Further, even in the case of the serial type as in the above example, a replaceable chip-type recording head, which can be electrically connected to the apparatus main body or supplied with ink from the apparatus main body by being attached to the apparatus main body, The present invention is also effective when a cartridge type recording head provided integrally with the recording head itself is used.

Regarding the type or number of print heads to be mounted, for example, in addition to one provided for each single color ink, a plurality of print heads are provided corresponding to a plurality of inks having different densities. It may be.

In addition, the form of the ink jet recording apparatus of the present invention may be used as an image output terminal of an information processing apparatus such as a computer, a copying apparatus combined with a reader or the like, or a facsimile apparatus having a transmission / reception function. It may be something.

[Effects of the Invention] As is clear from the above description, since a predetermined area along a color boundary is a so-called white area where ink is not applied, the ink in both areas adjacent to the color boundary is affected. It is possible to prevent the occurrence of ink bleeding or the like.

As a result, the ink (recording liquid) of the recording medium used for recording
Irrespective of the difference in absorption capacity relative to the image, a high-quality image can always be obtained.

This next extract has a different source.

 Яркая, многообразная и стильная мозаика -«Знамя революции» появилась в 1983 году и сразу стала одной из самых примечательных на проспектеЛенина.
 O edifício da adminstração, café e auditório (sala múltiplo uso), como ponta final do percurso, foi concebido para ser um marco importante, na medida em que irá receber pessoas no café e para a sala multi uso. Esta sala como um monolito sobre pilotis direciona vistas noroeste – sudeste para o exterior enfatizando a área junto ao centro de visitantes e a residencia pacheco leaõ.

[Brief description of the drawings]

FIG. 1 is a perspective view showing a configuration example of a color inkjet printer to which the present invention is applied, FIG. 2 is a partially enlarged longitudinal view showing details of a main part of the recording head of FIG. 1, and FIG. FIG. 4 is a block diagram showing a configuration example of a control system of the color ink jet printing apparatus shown in FIG. 4. FIG. 4 is a flowchart showing an example of a control processing procedure when print data is received, according to an embodiment of the present invention. 4 is a flowchart showing a data writing process of a buffer for a background color and a foreground color in the process shown in FIG. 4. FIG. 6 is an explanatory diagram showing a color specification state when recording is performed by a color inkjet printer by a subtractive color mixing method. FIG. 7 is a schematic diagram showing a recording state when recording is performed by a color inkjet printer by the subtractive color mixing method, and FIG. 8 is a schematic diagram showing a recording screen in a pixel dot configuration. . 1 ... printing medium, 6 ... carriage, 7 ... carriage motor, 9, 9A, 9B, 9C, 9D ... printing head, 10 ... discharge port, 11 ... electrothermal conversion element, 16 ... operation keys , 21 ... CP
U, 24: Program memory, 25: Working memory, 29: Drive circuit, 30: Sensor, 33: DIP switch.

Claims (3)

(57) [Claims] An ink jet recording apparatus for recording an image on a recording medium by ejecting recording droplets of a plurality of colors based on image information, wherein the image is recorded in a predetermined area along a color boundary defined by a color difference in the image. An ink jet recording apparatus, comprising: recording control means for performing a process of setting corresponding image information to information that does not discharge the recording liquid droplets. 2. An ink jet recording apparatus according to claim 1, further comprising: identification information generating means for generating identification information corresponding to a recording medium used for recording, wherein said recording control means is configured to determine that said identification information is a predetermined information. An ink jet recording apparatus for performing the above-mentioned processing. 3. The ink jet recording apparatus according to claim 2, wherein said identification information generating means generates said identification information in accordance with a recording liquid absorption capacity of a recording medium.